Grantaire found a basin and an old shirt that would do for rags, feeling unsteady in his sobriety and wishing for the brandy to steady his nerves. What if Enjolras' wound needed stitching? The woman who came in to clean and mend his clothing once a week might have left a needle and thread, but Grantaire had only the vaguest idea of how to use them. And the thought of having to draw a needle through Enjolras' flesh made him feel sick and faint.

"Just cut it off," said Enjolras, when Grantaire plucked gingerly at the blood-sodden sleeve. He then pressed his lips tightly together, until they began to pale, and squeezed his eyes shut.

The shirt fell away in tatters to the floor beneath the shear-blades, except where the fabric still clung to one arm and across his collarbone, sickeningly wet and crimson. Underneath, Enjolras' chest was bandaged all about with mostly clean white linen, a little blood-spotted near his left shoulder and damp with sweat under the arms and down the middle of his chest—his chest—

Grantaire blinked, frozen with the shears in one hand and the other still resting lightly on Enjolras' shoulder, staring at the narrow waist, the flare of hip, that he had never noticed before.

And because Grantaire was who he was, the first thing that came to mind slipped out: "Well, that does explain how you always achieve such a fashionable figure."

Enjolras' eyes flew open, very wide and blue. "Grantaire—"

"It doesn't matter." It did not, in the slightest.
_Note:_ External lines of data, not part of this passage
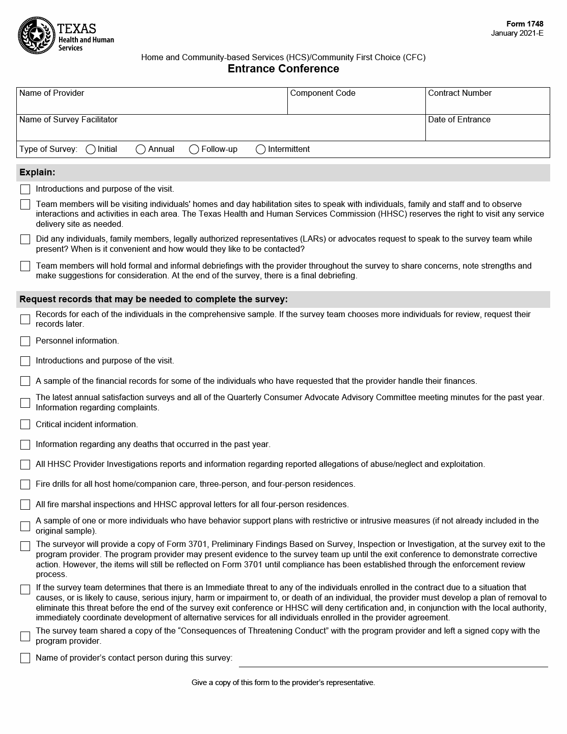 TX HHS Form 1748. HCS/CFC Entrance Conference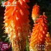 旧属名「トリトマ」の名前で親しまれている常緑の宿根草です。何本も伸びる花茎の先に大ぶりのブラシのような花を咲かせ、抜群の存在感があります。下向きに咲く筒状の花色が咲き進むにつれて変化する様子から「トーチリリー」とも呼ばれています。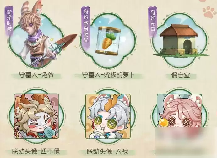 本次联动的时装奖励包括“守墓人-兔爷”奇珍时装,还有“守墓人-终极胡萝卜”奇珍随身物品。此外,保安家具、个人动作、头像、线索以及碎片等物资也一应俱全。当玩家累计获取金币达到指定数量时,还能升级特色鹿人店,解锁更多派遣地点和角色。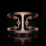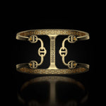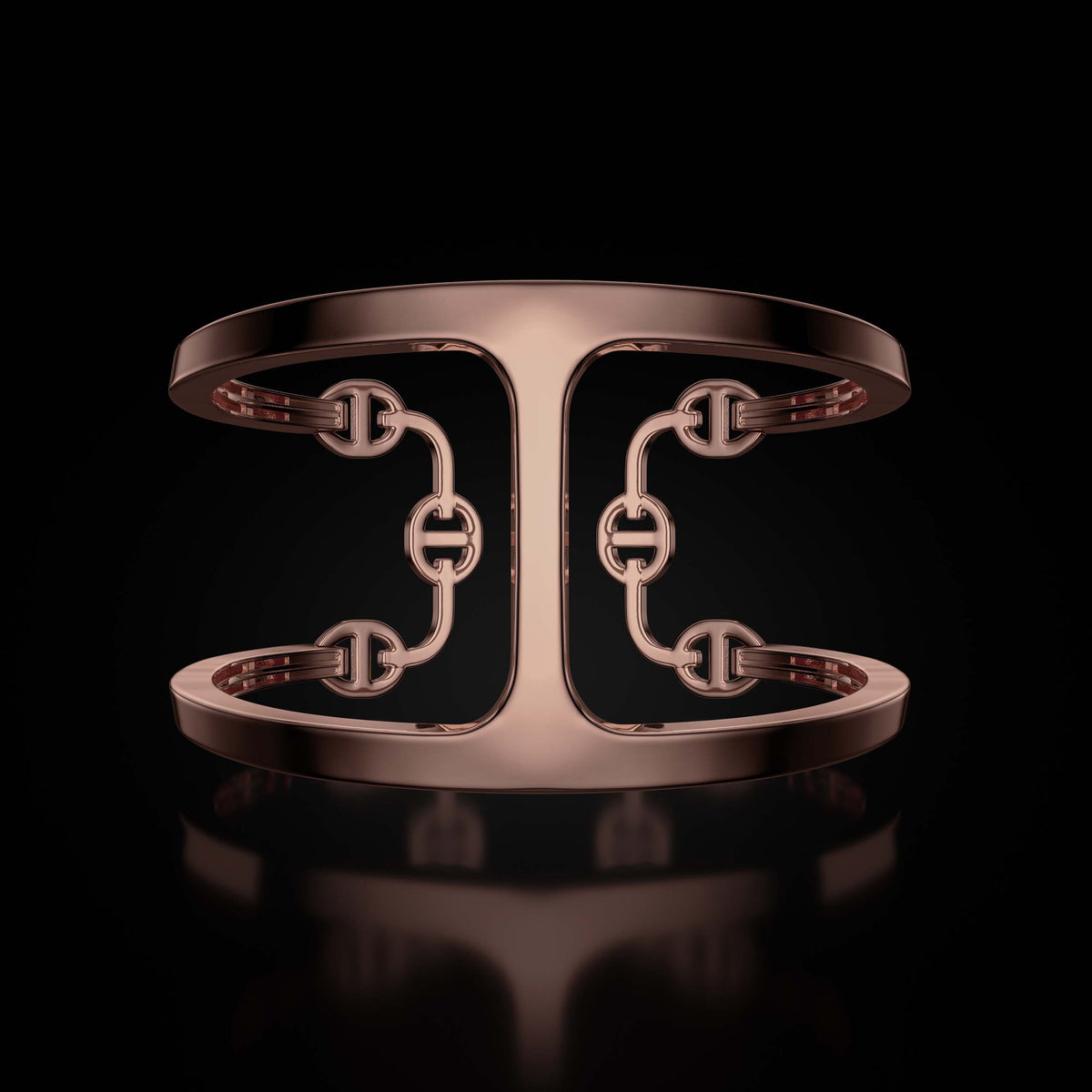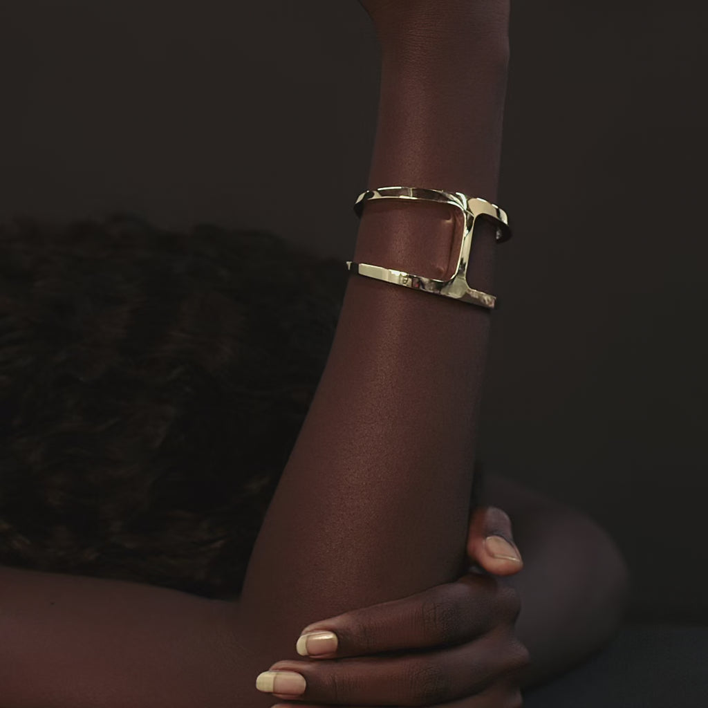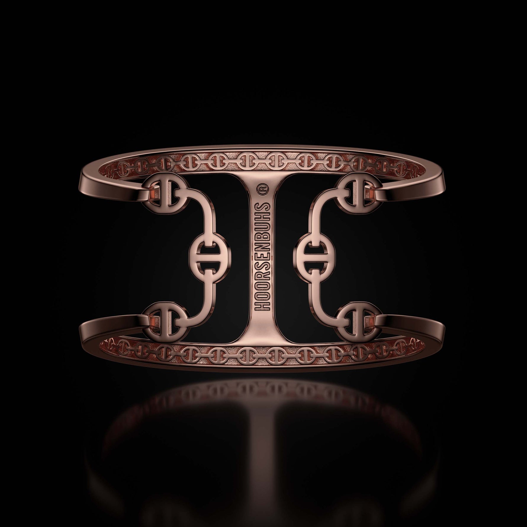 The Phantom Cuff is constructed from solid 18K gold or sterling silver and defined by HOORSENBUHS®’ Phantom link architecture. A single elongated link is wrapped and extended around the wrist to form a continuous open structure.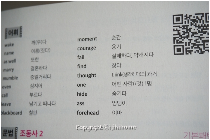 QR코드를 이용하여 원어민발음으로 들을 수 있다.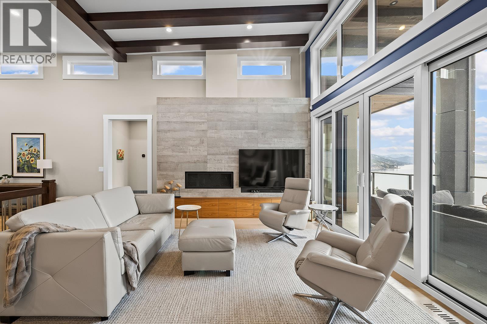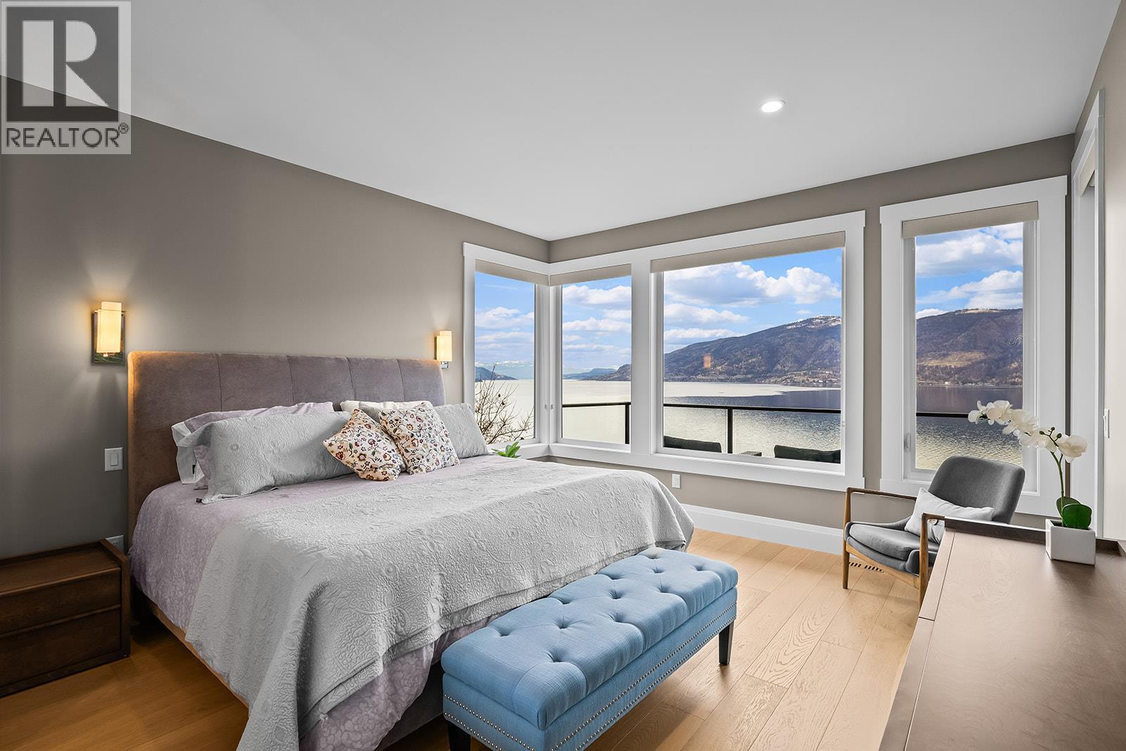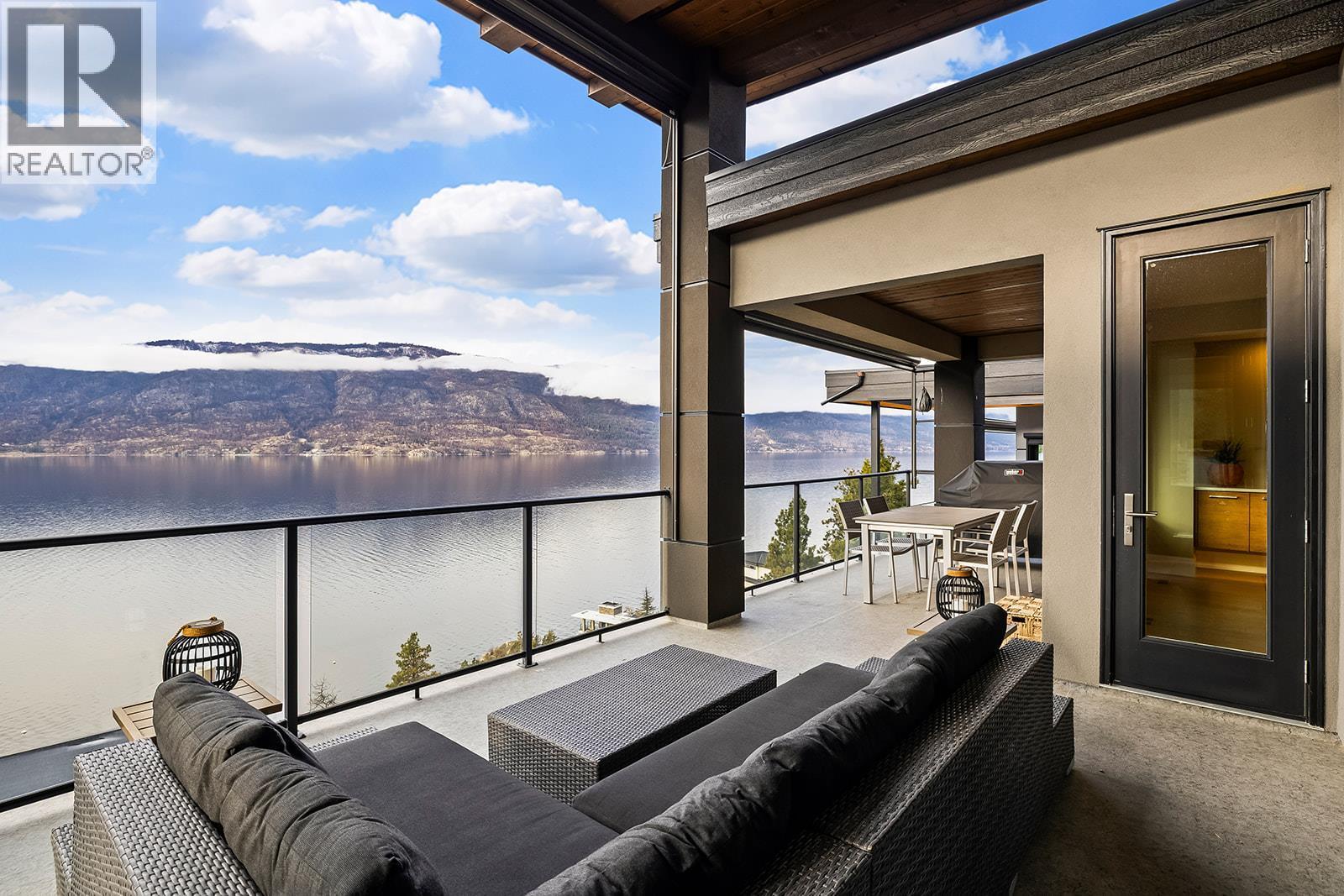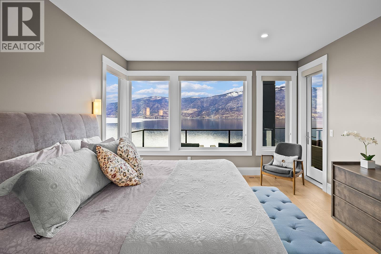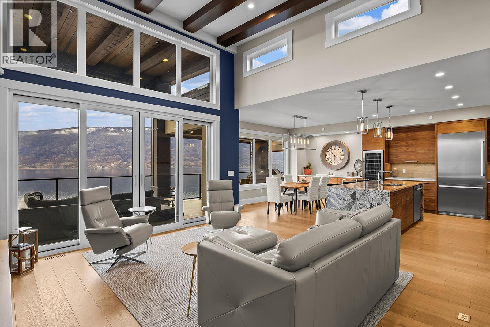 Don't miss out on this stunning home with breath taking views of the lake and mountains in this exclusive Lakestone waterside in lake country. This home has barley been lived in and is in pristine condition. The moment you enter the front door, you're embraced into a space where luxury meets comfort. The panoramic lake view stretches from the bridge in the south to Fintry in the north. Enjoy the main floor great room , with cedar beams, cozy fireplace, professionally designed kitchen with Thermador appliances, stone countertops, dedicated wine fridge and custom horizontal grain walnut cabinetry. The architectural details continue with striking beams leading out to the large deck designed for entertaining, and enjoying the vibrant sunsets. The primary suite on the main floor has a lavish ensuite with oversized walk-in shower, soaker tub, and wiring for hot tub on the aggregate covered deck . The lower level offers a spacious rec. room with a wet bar, 2 additional bed rooms and 2 full bathrooms. The state of the art amenities center in Lakestone include 2 pools, 2 fitness facilities, basket and pickle ball courts, shared dock, endless walking and hiking trails, and a quick walk to the lake access. (id:6769)

Enjolras was still Enjolras. Looking at him was always a terrible mixture of the sublime and the agonizing. Or her? Grantaire could not see a woman in Enjolras' stern looks or masculine carriage, curve of waist or no. "Let me finish. How did it happen?"

Grantaire peeled off the remainder of the shirt, as carefully as he could, but his hands were shaking, and he cringed a little inside every time the cloth stuck to the wound and Enjolras winced. There was a great deal of blood, and he had to swallow back a little bile and close his eyes for a moment until his stomach settled every so often.

Enjolras hissed a little through his teeth as the last of the shirt came away. "A bayonet," Enjolras said. "I did not think it so bad, at first, but once the fighting had died down—I did not think I could bandage it myself."

"Has your revolution ended already, then?" Grantaire asked; if he could not give Enjolras anything for the pain, perhaps ranting about his political ideals would at least distract him. Three days: not much of a revolution. He bent and took a wet cloth to Enjolras' arm and began dabbing at it as gently as he could. The water in the basin turned pink, then red. He carefully did not look at Enjolras' chest.

"Near enough," said Enjolras, with a disdainful curl of his lips. "We took the Hôtel de Ville this afternoon, but—there is talk of the Duke of Orléans, and constitutional monarchy. It is not what we dreamed of—_par Dieu_, Grantaire!" His shoulder jerked.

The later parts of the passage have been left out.